Dataset excerpts:

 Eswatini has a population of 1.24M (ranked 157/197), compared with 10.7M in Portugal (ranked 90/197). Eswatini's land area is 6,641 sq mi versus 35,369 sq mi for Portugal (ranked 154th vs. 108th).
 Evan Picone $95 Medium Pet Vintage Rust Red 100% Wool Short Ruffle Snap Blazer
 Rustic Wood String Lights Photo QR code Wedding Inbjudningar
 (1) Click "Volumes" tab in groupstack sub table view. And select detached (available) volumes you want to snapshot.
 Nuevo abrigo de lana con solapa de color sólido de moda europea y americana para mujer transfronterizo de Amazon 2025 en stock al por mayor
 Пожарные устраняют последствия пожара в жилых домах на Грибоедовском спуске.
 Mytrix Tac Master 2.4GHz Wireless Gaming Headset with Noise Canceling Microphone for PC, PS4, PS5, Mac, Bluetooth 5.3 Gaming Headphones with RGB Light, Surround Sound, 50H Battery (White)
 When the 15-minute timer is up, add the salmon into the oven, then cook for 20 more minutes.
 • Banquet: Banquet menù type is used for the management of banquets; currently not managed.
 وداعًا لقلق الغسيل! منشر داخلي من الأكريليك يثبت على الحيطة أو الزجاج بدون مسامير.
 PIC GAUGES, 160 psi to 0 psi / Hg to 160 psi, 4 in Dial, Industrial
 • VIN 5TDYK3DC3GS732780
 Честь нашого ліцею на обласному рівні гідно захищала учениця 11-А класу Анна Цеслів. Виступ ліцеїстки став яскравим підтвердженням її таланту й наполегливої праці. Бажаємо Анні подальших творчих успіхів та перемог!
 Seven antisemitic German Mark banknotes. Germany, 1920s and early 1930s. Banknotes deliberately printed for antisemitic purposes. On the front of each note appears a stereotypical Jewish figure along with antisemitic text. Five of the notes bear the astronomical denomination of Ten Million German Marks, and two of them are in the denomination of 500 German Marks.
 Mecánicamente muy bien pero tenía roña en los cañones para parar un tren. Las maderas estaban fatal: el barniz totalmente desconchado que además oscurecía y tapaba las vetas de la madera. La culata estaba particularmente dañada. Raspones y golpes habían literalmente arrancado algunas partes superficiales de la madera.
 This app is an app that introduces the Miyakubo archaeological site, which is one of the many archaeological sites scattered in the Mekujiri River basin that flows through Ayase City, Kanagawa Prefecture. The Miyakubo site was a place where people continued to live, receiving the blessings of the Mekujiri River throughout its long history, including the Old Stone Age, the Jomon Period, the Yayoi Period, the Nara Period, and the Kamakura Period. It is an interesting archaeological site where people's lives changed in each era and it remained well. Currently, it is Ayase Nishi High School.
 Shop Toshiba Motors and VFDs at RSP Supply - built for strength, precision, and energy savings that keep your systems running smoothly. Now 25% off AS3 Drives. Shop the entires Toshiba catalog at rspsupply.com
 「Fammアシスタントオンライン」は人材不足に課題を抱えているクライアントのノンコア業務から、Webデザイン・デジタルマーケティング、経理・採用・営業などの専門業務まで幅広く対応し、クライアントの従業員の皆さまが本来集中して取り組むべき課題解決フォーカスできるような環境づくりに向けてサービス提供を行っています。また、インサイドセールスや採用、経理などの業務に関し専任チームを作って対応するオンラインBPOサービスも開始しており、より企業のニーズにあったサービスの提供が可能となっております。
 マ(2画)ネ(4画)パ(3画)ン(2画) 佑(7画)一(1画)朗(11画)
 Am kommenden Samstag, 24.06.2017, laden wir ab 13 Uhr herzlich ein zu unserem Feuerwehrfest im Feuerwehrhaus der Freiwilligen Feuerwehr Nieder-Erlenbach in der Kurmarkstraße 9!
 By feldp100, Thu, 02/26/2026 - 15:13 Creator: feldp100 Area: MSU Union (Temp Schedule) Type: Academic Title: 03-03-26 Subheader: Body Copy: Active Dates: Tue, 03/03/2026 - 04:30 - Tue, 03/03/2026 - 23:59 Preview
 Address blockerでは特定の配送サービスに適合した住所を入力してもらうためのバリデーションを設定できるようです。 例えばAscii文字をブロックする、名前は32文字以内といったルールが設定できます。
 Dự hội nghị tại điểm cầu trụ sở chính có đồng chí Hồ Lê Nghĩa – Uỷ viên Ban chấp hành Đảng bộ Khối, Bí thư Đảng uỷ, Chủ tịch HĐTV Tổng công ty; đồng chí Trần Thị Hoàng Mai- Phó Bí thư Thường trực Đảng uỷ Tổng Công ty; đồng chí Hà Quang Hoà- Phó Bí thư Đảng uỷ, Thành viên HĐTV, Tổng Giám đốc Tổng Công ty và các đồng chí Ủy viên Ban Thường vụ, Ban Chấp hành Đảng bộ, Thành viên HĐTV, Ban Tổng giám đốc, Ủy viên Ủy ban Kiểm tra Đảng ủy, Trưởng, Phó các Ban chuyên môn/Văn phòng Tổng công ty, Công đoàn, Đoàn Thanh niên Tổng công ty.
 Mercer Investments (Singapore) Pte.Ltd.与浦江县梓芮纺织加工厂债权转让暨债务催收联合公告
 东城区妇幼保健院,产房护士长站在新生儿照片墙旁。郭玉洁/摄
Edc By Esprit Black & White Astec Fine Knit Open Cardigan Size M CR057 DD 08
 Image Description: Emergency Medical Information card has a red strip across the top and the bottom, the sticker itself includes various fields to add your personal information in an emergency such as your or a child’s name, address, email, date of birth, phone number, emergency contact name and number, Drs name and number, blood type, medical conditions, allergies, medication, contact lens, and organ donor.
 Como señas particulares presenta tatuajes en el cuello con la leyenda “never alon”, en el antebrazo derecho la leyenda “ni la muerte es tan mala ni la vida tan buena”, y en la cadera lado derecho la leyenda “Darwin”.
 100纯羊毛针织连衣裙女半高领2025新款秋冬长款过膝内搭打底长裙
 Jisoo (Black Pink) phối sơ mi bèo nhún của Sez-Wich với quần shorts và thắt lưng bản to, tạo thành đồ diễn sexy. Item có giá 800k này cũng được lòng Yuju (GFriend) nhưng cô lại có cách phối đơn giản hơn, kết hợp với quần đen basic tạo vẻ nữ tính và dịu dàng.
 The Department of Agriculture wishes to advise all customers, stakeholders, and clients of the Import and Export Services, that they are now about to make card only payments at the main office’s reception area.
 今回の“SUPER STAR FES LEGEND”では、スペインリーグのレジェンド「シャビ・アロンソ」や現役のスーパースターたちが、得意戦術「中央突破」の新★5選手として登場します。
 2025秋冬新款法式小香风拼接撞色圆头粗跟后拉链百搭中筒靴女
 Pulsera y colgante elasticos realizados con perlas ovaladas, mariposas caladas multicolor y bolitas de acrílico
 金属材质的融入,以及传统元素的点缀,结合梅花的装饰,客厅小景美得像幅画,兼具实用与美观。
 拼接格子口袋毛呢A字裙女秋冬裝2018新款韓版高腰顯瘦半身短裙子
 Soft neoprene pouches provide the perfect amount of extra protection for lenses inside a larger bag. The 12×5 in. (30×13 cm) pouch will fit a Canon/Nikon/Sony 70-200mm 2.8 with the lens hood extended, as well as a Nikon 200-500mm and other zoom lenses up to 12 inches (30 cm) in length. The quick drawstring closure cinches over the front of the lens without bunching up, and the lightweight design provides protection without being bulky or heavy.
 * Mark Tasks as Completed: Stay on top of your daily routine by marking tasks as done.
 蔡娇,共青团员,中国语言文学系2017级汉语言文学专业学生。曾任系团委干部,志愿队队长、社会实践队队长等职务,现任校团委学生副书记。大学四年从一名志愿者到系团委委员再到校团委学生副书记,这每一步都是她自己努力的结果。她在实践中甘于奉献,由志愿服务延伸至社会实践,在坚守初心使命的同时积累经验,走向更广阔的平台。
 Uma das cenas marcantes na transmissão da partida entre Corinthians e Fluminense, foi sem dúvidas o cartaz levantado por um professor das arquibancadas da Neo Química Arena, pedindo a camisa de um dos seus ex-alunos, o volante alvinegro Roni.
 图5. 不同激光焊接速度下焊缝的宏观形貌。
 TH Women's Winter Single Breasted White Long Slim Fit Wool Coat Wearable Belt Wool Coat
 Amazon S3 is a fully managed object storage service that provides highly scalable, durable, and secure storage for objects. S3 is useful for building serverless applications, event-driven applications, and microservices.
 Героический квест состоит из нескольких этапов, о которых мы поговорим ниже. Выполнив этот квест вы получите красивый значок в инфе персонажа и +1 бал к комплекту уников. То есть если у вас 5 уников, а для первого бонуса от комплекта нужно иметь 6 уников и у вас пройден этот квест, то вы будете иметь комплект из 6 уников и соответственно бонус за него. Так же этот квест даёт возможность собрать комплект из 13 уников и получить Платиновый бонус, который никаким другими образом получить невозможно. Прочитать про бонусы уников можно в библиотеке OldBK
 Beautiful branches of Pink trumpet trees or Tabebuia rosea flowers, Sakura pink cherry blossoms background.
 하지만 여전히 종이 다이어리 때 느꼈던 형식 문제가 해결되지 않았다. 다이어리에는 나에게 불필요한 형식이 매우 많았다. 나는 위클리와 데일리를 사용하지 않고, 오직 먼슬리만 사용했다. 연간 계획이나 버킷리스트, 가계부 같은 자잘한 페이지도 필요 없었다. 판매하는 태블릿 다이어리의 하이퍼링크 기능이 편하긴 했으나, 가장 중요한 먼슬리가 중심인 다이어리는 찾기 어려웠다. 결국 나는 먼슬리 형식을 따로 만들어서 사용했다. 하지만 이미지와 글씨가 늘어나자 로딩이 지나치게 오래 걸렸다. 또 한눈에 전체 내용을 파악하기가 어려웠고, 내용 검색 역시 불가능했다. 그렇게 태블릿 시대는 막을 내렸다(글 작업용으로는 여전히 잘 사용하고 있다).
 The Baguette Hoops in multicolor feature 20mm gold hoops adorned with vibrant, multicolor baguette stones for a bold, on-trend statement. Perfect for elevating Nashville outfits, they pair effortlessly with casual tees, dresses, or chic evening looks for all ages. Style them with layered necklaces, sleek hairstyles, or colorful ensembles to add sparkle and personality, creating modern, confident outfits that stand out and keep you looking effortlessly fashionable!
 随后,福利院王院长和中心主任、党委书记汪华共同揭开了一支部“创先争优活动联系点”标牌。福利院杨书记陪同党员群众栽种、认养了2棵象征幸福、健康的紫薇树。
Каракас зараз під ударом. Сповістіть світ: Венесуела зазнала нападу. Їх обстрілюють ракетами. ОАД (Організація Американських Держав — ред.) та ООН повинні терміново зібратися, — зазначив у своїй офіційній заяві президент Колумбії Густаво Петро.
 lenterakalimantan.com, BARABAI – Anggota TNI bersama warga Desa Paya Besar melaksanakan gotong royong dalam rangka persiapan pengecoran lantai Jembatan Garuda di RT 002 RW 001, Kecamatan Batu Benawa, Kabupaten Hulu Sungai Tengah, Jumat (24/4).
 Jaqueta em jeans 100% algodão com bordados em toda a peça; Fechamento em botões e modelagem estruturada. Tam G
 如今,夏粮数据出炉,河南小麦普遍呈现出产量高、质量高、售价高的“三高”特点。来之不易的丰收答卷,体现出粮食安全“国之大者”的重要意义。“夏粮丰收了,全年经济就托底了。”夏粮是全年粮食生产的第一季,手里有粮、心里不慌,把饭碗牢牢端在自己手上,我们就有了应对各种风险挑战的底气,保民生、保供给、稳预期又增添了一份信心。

HOW TO COMPLETE THIS TASK -
Find all lines in the records that hold the word "Wool". Copy them.

THE ANSWER -
 Evan Picone $95 Medium Pet Vintage Rust Red 100% Wool Short Ruffle Snap Blazer
 TH Women's Winter Single Breasted White Long Slim Fit Wool Coat Wearable Belt Wool Coat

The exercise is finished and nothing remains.